Koniec imprezy, dziękuję, dobranoc...
Tytuł: Odp: Noncombat-ant/anci
Wiadomość wysłana przez: Muleq w Października 08, 2010, 05:34:16 pm
Napisałeś że wywrócisz mi świat DT do góry nogami więc poprosiłem żebyś zacytował moją wypowiedź do której mógłbym odnieś Twoje odwracanie świata. Jak zwykle nie jest w stanie mi tego udowodnić i po raz kolejny piszesz emocjonalne tyrady które mnie tylko bawią :D.

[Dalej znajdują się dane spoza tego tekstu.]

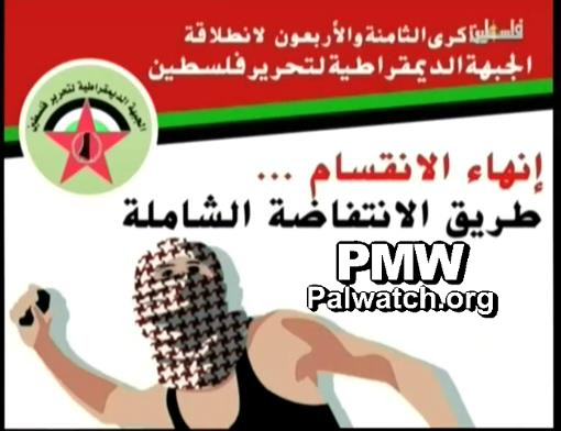 Official PA TV narrator: “Feb. 22, 1969, the anniversary of the founding of the Democratic Front for the Liberation of Palestine and the birth of the armed Palestinian left, which assumes the idea and interests of the working class and is involved in the national battle of its people for freedom, independence, and the return of the refugees to their land. The Democratic Front excelled in its contemplative and political contribution through the Palestinian struggle. It hurried to formulate and present the phased national plan. The political and contemplative role of the front came together with an active role in the struggle through a series of heroic self-sacrificing operations (i.e., terror attacks) such as the Ma’alot-Tarshiha operation (i.e., terror attack, 22 children and 4 adults murdered), Tiberias operation (i.e., bombing attack, 2 high school students murdered), Beit Shean operation (i.e., terror attack, 4 murdered), and Jerusalem operation (i.e., bombing attack, 7 murdered), and during them it sacrificed star Martyrs (Shahids), including several of its prominent leaders and staff, such as Martyrs Abu Adnan Hamad , Omar Al-Qassem (i.e., terrorist, led cell that murdered 2), Khaled Nazzal (i.e., former commander of DFLP’s military branch), Al-Haj Sami, Bahij Al-Majdhub (i.e., terrorist), and the Martyrs of the heroic operations.”

Czy trafia do Twojego mózgu możliwość że ktoś może miec inny pogląd na daną sprawe niż Ty? W kwestii Snu wszyscy mamy podobne zdanie. Uważamy że można zagrać Sen i że przerwie to walkę. Różnica polega tylko na tym że ja uważam że kartę trzeba zagrać przed wyznaczeniem agresora i obrońcy a Wy że w fazie przerywania walki. Czy jest to aż tak wielka różnica żeby strzelać takie fochy jak Pretor. Osobiście uważam że nie ale przeciez nikt nie bedzie do mnie pisał setek maili z prośba o wyjasnienie sprawy ;). 

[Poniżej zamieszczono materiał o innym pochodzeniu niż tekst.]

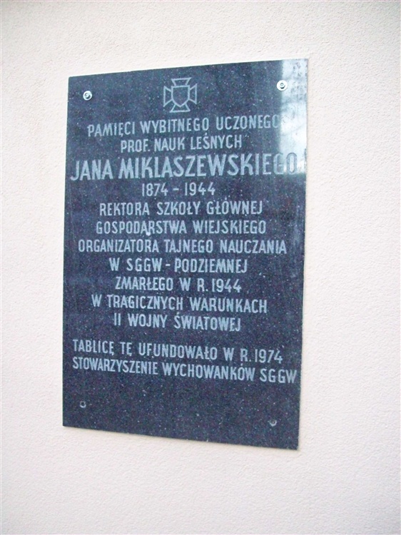 Tablica pamięci poświęcona jest wybitnemu uczonemu, profesorowi nauk leśnych, Janowi Miklaszewskiemu, który był rektorem Szkoły Głównej Gospodarstwa Wiejskiego, organizatorem tajnego nauczania w podziemnej SGGW. Zmarł tragicznie w czasie działań wojennych w 1944 roku. W 1974 roku tablica została umieszczona na elewacji kamienicy przy ulicy Kieleckiej 46 przez fundatorów - ze Stowarzyszenia Wychowanków SGGW.

Czy słyszałes o takim pojeciu jak "during combat before agresor and defender are anounced" ? To tyle w kwestii przewagi mysli scisłej nad humanistyczną i zaprzeczania samemu sobie . Jak zwykle poniosły Cie emocje . 
Tytuł: Odp: Noncombat-ant/anci
Wiadomość wysłana przez: pretorianstalker w Października 08, 2010, 10:25:28 pm
Czy Ty jesteś moderatorem żal.pl? Nie dyskutuję z Tobą bo generalnie jesteś na poziomie kreta na Żuławach. Napisałęś o przerywaniu walki Snem przed wyznaczeniem agresora i obrońcy - totalny idiotyzm - walki w ten sposób przerwać się nie da - sorry. Nawet jeśli uśpisz wszystkich wojowników w grze to walka się nie przerwie, bo zawsze można wystawić kogoś z obozu, z inspiracji, z sojuszu capitolu. Więc nie da się walki przerwać poprzez wyeliminowanie kogokolwiek z walki zanim zostanie wyznaczony agresor i obrońca, bo ani agresora ani obrońcy nie znasz i nie wiesz kto będzie walczył. Tyle w temacie. Temat zamykam bo nawet nie wiadomo o czym jest. Pan humanista chciał zabłysnąć i wyszło jak zawsze.
Tytuł: Odp: Noncombat-ant/anci
Wiadomość wysłana przez: Diablerist w Października 08, 2010, 11:11:25 pm
Prawidłowy zwrot brzmi "during an opponent's attack action, before the attacker and defender are announced". Zmieniłeś ten zwrot na własny użytek i teraz forsujesz jakąś głupotę do upadłego nie wiadomo po co. I z tego co zrozumiałem wszyscy oprócz ciebie twierdzimy, że Snu można użyć DO FAZY PRZERYWANIA. A nie jak nam tu imputujesz, że tylko w fazie przerywania. Wynika to z zasad Walki i zasad o noncombatantach. Dlaczego ma to wynikać z zapisu na Wywołaniu Bólu? - Pytanie retoryczne, odpowiedz sobie sam i nie zaśmiecaj już forum w tej sprawie.
Tytuł: Odp: Noncombat-ant/anci
Wiadomość wysłana przez: Muleq w Października 09, 2010, 07:19:54 am
Czyli wg Ciebie Wywołanie bólu albo Tchórzostwo nie przerywa walki? Zastanawiam sie kto tu jest na prochach ;)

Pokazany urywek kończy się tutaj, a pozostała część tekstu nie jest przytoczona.